How to use Xpath selector to collect target data from web pages in Scrapy 05/08 Update SLTechnology News&Howtos

How to use Xpath selector to collect target data from web pages in Scrapy

2025-05-08 Update From: SLTechnology News&Howtos shulou NAV: SLTechnology News&Howtos > Database >

Shulou(Shulou.com)05/31 Report--

How to use Xpath selector in Scrapy to collect target data from web pages? I believe many inexperienced people don't know what to do about it. Therefore, this paper summarizes the causes and solutions of the problem. Through this article, I hope you can solve this problem.

/ concrete implementation /

1, for the title, as mentioned in the previous article, there are a variety of Xpath expressions, you can choose one of them, debug under the scrapy shell script, get the title extraction method, and write it to the crawler body file.

2. Next is the extraction of the release date, which still implements the interaction between the web page and the source code in an interactive way, as shown in the following figure.
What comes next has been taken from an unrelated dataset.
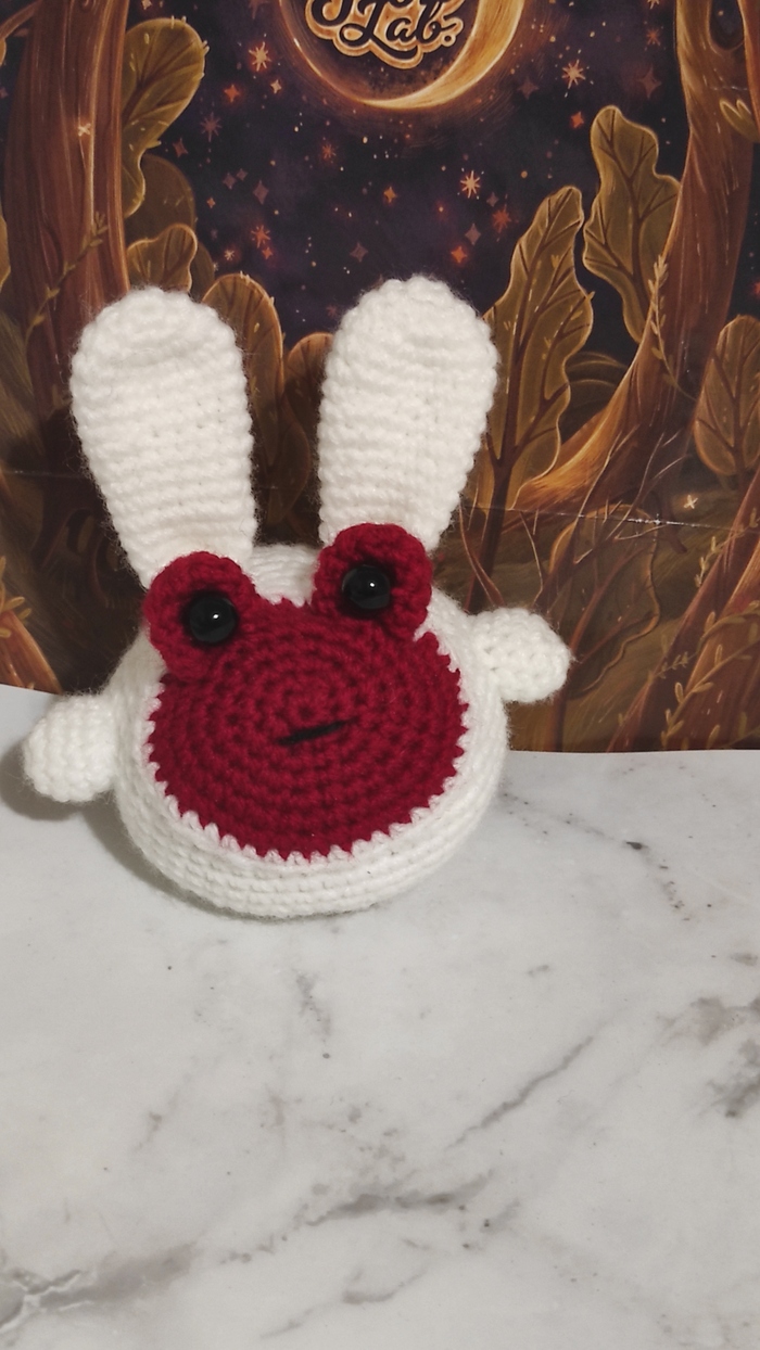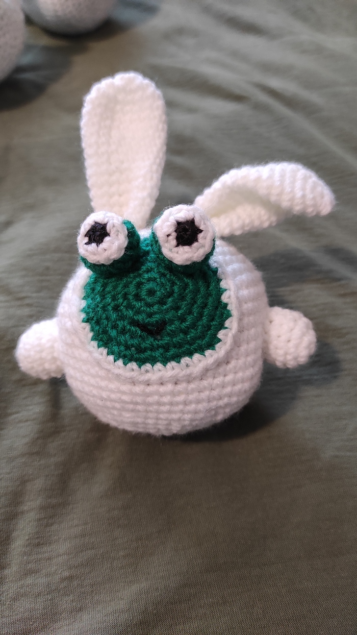 Друг попросил меня связать ему круглых жабок в "костюмах" белых кролей. Вот такие чуваки получились.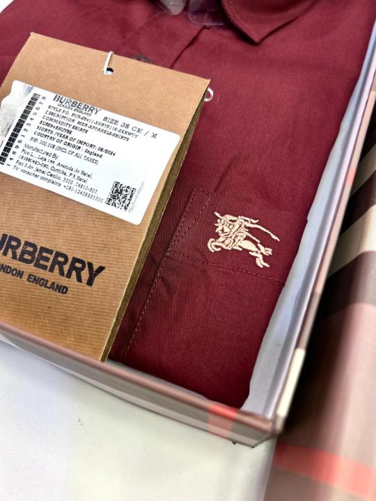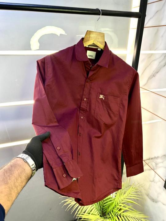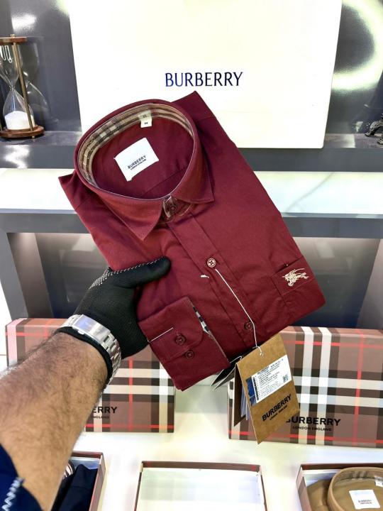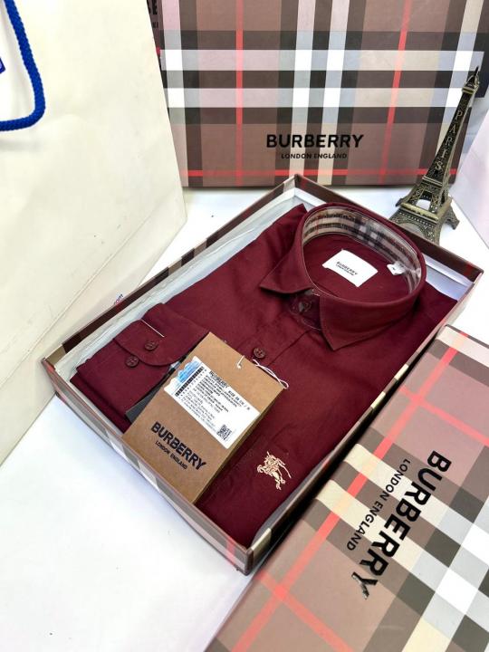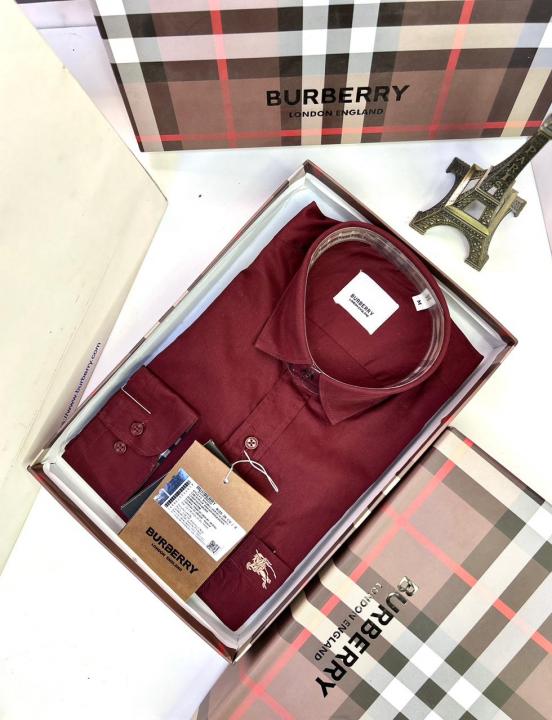 Home Shirts Burberr y Maroon Premium Shirt With Brand Box Packing and Carry Bag F1946-MA

3. And the tag "entry-meta-hide-on-mobile" is globally unique and can be easily located to the element.

4. According to the structure of the web page, we can easily write the Xpath expression of the release date. We can test it in scrapy shell first, and then write the selector expression into the crawler file, as shown in the following figure.

Here is part of the impurity information, need to use strip () and replace () function to remove excess impurities, return the date of a "clean".

5. With regard to the Xpath expression of the topic tag of the article, you can see that it is below the date on the page structure, as shown in the following figure.

So you can get the topic tag of the article by changing the Xpath expression of the release date.

6. The topic tag of the article is under the a tag, as shown in the following figure.

After getting the entire list, use the join function to concatenate the elements in the array with commas to generate a new string called tags, and then write it to the Scrapy crawler file.

7. For the number of likes, the analysis method is the same as before, and the data can be located by finding the only label "vote-post-up".

8. A careful partner may see that the "vote-post-up" attribute is not the only attribute in the class tag, so the initial Xpath expression matches empty content.

Here to give you Amway a tip, if there are multiple attributes in the tag, and the attribute is only, you can use the contains function to assist, its usage is'/ / span [contains (@ class, "vote-post-up"), be sure to practice more, otherwise it is easy to forget. Write the Xpath expression according to the structure of the web page, and the debugging process is shown in the following figure.

The number of likes taken out is a string that needs to be converted to a number using int ().

After reading the above, have you mastered how to use Xpath selector to collect target data from web pages in Scrapy? If you want to learn more skills or want to know more about it, you are welcome to follow the industry information channel, thank you for reading!

Welcome to subscribe "Shulou Technology Information " to get latest news, interesting things and hot topics in the IT industry, and controls the hottest and latest Internet news, technology news and IT industry trends.

*The comments in the above article only represent the author's personal views and do not represent the views and positions of this website. If you have more insights, please feel free to contribute and share.